Records provided:

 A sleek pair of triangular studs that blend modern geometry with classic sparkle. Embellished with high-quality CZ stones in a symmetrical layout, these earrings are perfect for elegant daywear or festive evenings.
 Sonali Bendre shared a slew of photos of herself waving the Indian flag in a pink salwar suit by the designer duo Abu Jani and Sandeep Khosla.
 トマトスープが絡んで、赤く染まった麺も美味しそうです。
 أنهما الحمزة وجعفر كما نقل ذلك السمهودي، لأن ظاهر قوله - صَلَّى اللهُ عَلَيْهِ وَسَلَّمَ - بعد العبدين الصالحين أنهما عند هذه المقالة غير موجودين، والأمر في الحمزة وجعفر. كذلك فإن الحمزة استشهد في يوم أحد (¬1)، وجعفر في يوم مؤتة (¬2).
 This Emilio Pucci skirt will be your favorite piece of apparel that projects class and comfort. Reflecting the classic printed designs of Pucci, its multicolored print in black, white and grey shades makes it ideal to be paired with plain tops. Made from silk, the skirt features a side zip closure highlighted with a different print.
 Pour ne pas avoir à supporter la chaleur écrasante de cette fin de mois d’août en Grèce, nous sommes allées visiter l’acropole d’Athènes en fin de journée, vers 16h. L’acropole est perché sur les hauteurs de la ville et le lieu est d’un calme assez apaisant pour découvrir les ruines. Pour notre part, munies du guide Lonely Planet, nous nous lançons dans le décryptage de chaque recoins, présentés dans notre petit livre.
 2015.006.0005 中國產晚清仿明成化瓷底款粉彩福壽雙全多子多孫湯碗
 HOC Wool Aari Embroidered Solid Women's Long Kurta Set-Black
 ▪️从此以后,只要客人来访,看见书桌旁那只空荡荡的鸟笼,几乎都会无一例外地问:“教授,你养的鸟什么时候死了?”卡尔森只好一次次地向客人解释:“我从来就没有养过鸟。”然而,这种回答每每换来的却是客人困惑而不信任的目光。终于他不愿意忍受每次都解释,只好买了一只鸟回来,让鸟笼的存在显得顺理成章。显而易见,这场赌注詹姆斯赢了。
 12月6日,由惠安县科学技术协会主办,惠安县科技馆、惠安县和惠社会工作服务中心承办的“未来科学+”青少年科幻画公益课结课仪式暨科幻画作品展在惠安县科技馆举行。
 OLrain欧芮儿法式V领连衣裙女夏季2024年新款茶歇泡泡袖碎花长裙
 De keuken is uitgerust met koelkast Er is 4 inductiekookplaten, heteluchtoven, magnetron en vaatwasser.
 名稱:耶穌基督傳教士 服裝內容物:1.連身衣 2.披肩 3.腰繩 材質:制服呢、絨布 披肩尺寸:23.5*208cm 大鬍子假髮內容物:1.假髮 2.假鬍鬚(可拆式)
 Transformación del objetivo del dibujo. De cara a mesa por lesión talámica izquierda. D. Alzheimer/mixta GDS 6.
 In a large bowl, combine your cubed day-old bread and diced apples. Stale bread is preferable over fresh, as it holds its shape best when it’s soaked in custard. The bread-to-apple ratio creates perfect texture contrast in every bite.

Exercise aim:
Type the data again exactly. Leave nothing out.

Expected output:
 A sleek pair of triangular studs that blend modern geometry with classic sparkle. Embellished with high-quality CZ stones in a symmetrical layout, these earrings are perfect for elegant daywear or festive evenings.
 Sonali Bendre shared a slew of photos of herself waving the Indian flag in a pink salwar suit by the designer duo Abu Jani and Sandeep Khosla.
 トマトスープが絡んで、赤く染まった麺も美味しそうです。
 أنهما الحمزة وجعفر كما نقل ذلك السمهودي، لأن ظاهر قوله - صَلَّى اللهُ عَلَيْهِ وَسَلَّمَ - بعد العبدين الصالحين أنهما عند هذه المقالة غير موجودين، والأمر في الحمزة وجعفر. كذلك فإن الحمزة استشهد في يوم أحد (¬1)، وجعفر في يوم مؤتة (¬2).
 This Emilio Pucci skirt will be your favorite piece of apparel that projects class and comfort. Reflecting the classic printed designs of Pucci, its multicolored print in black, white and grey shades makes it ideal to be paired with plain tops. Made from silk, the skirt features a side zip closure highlighted with a different print.
 Pour ne pas avoir à supporter la chaleur écrasante de cette fin de mois d’août en Grèce, nous sommes allées visiter l’acropole d’Athènes en fin de journée, vers 16h. L’acropole est perché sur les hauteurs de la ville et le lieu est d’un calme assez apaisant pour découvrir les ruines. Pour notre part, munies du guide Lonely Planet, nous nous lançons dans le décryptage de chaque recoins, présentés dans notre petit livre.
 2015.006.0005 中國產晚清仿明成化瓷底款粉彩福壽雙全多子多孫湯碗
 HOC Wool Aari Embroidered Solid Women's Long Kurta Set-Black
 ▪️从此以后,只要客人来访,看见书桌旁那只空荡荡的鸟笼,几乎都会无一例外地问:“教授,你养的鸟什么时候死了?”卡尔森只好一次次地向客人解释:“我从来就没有养过鸟。”然而,这种回答每每换来的却是客人困惑而不信任的目光。终于他不愿意忍受每次都解释,只好买了一只鸟回来,让鸟笼的存在显得顺理成章。显而易见,这场赌注詹姆斯赢了。
 12月6日,由惠安县科学技术协会主办,惠安县科技馆、惠安县和惠社会工作服务中心承办的“未来科学+”青少年科幻画公益课结课仪式暨科幻画作品展在惠安县科技馆举行。
 OLrain欧芮儿法式V领连衣裙女夏季2024年新款茶歇泡泡袖碎花长裙
 De keuken is uitgerust met koelkast Er is 4 inductiekookplaten, heteluchtoven, magnetron en vaatwasser.
 名稱:耶穌基督傳教士 服裝內容物:1.連身衣 2.披肩 3.腰繩 材質:制服呢、絨布 披肩尺寸:23.5*208cm 大鬍子假髮內容物:1.假髮 2.假鬍鬚(可拆式)
 Transformación del objetivo del dibujo. De cara a mesa por lesión talámica izquierda. D. Alzheimer/mixta GDS 6.
 In a large bowl, combine your cubed day-old bread and diced apples. Stale bread is preferable over fresh, as it holds its shape best when it’s soaked in custard. The bread-to-apple ratio creates perfect texture contrast in every bite.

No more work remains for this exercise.